Optionally, the certificate or private key may be supplied as a string:
with open('/path/to/client.key', 'r') as f:
preloaded_pkey = f.read()
with open('/path/to/client.crt', 'r') as f:
preloaded_cert = f.read()
creds = {'username': 'riakuser',
'password': 'riakpass',
'cert': preloaded_cert,
'pkey': prelocated_pkey}
Additional options¶
Certificate revocation lists¶
Another security option available is a Certificate Revocation List (CRL). It lists server certificates which, for whatever reason, are no longer valid.

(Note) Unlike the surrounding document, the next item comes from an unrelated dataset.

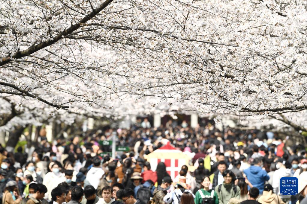 3月16日,人們在南京林業(yè)大學(xué)櫻花大道上賞花游玩。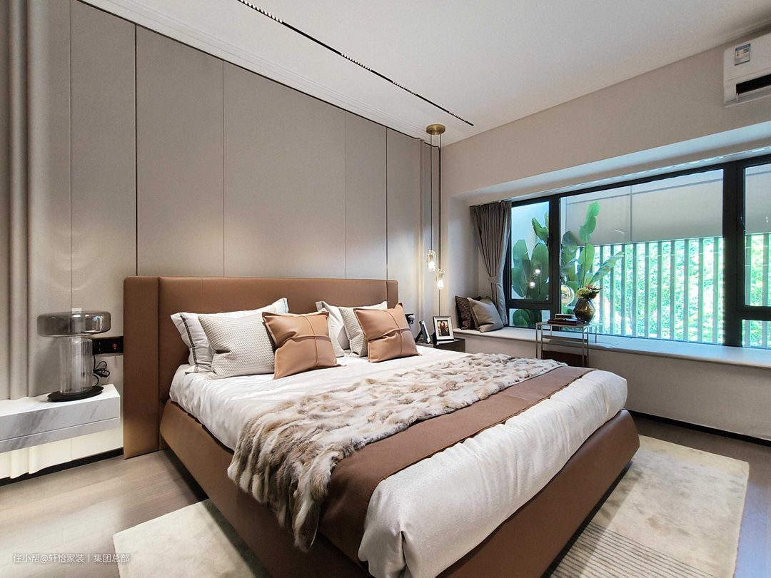 主卧是延用的现代风格的设计,整体的色调是以奶白色+棕色相搭配,柔软的棕色床靠背,让人使用起来更加的舒服,侧边搭配的悬浮床头柜更加高级。浅咖棕色的木地板,床上搭配的高定6件套,整个空间色彩和材质都极度的舒适温馨。 主卧的面积比较大,保留了飘窗的设计,飘窗处放上两个抱枕,平时可以和家人坐在飘窗处喝喝茶也是十分惬意的!床尾处是我们女屋主的梳妆台,黑色的极简梳妆柜,延伸至飘窗,开放式的收纳放置化妆品也能一目了然;主卧同客厅的设计一致,打造的是无主灯的设计;墙面挂置的是抽象现代画,居住的氛围感拉满。

For example, it is discovered that the certificate authority (CA) had improperly issued a certificate, or if a private-key is thought to have been compromised. The most common reason for revocation is the user no longer being in sole possession of the private key (e.g., the token containing the private key has been lost or stolen):
creds = {'username': 'riakuser',
'password': 'riakpass',
'cacert_file': '/path/to/ca.crt',
'crl_file': '/path/to/server.crl'}
Cipher options¶
The last interesting setting on SecurityCreds is the
ciphers option which is a colon-delimited list of supported
ciphers for encryption:
creds = {'username': 'riakuser',
'password': 'riakpass',
'ciphers': 'ECDHE-RSA-AES128-SHA256:DHE-RSA-AES256-SHA'}
A more detailed discussion can be found at Security Ciphers.